Five Types of Creative Debugging


Debugging experience is an important part of learning how to diagnose and fix problems in software. Learning to debug can be helpful to more than just aspiring software engineers since it usually involves an empirical approach to problem solving. Yet the notion of debugging as empirical problem solving does not fully account for programming experiences which are personally expressive and artistically creative. In this ethnographic study among Scratch communities, I draw attention to five types of creative debugging, only one of which can be explained by engineering-focused models: fixing bugs, finding cheats, making glitches, reaching coherence, and designing by feel.


Across this study, Scratch users demonstrated a wide range of creative responses to bugs. Some students did fix their projects in respect to an established goal. Much of what I observed cannot be easily accounted by this narrow view of debugging. In addition to fixing things, students were finding cheats, making glitches, trying to reach coherence, and designing by feel.

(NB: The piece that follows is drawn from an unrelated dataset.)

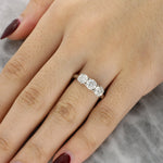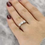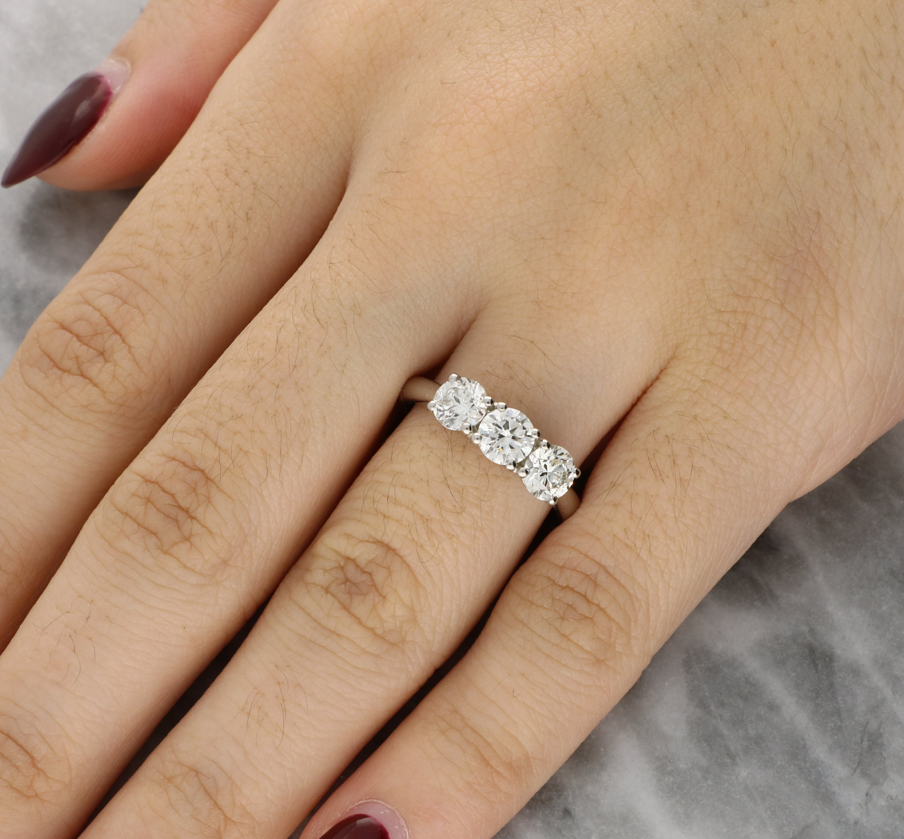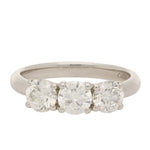 This ring is set in platinum and features three round brilliant cut diamonds arranged across the front of the band. Each diamond is claw set, allowing light to enter the stones and highlight their natural brilliance. The clean platinum band provides a cool contrast to the bright white diamonds.

Further ethnography and theory on creative debugging may broaden notions of debugging yet more. Future work should include greater correlation to certain kinds of settings, ages, genders, or learning styles. Discourse analysis of projects and comments on the Scratch website could also yield insights about feedback and debugging. The practices and language surrounding "glitches" are an especially promising area of research.

Although we should not make too much of the overlap in terms, "glitch art" is an artistic genre which closely resembles the \x93spazzing\x94 \x93glitches\x94 of Scratch Club. According to Rosa Menkman, glitch art responds to computational accidents with an informed critique on the notion of process. She explains that "glitch artists make use of the accident to \'disfigure\' flow, image and information," to "break from procedural flow" (Menkman, 33-4). Perhaps creative play with glitches is a special opportunity to explore powerful ideas about the nature of process and its limits.

After these initial encounters with two Scratch communities, I now think the notions of debugging held by software engineers are too narrowly defined. Debugging can be a powerful strategy for diagnosing and fixing something which is broken. Yet the learners at Scratch Club and Animation Class applied a broader set of creative responses to bugs than just fixing things. Further research in this area may reveal an even richer range of debugging creativity.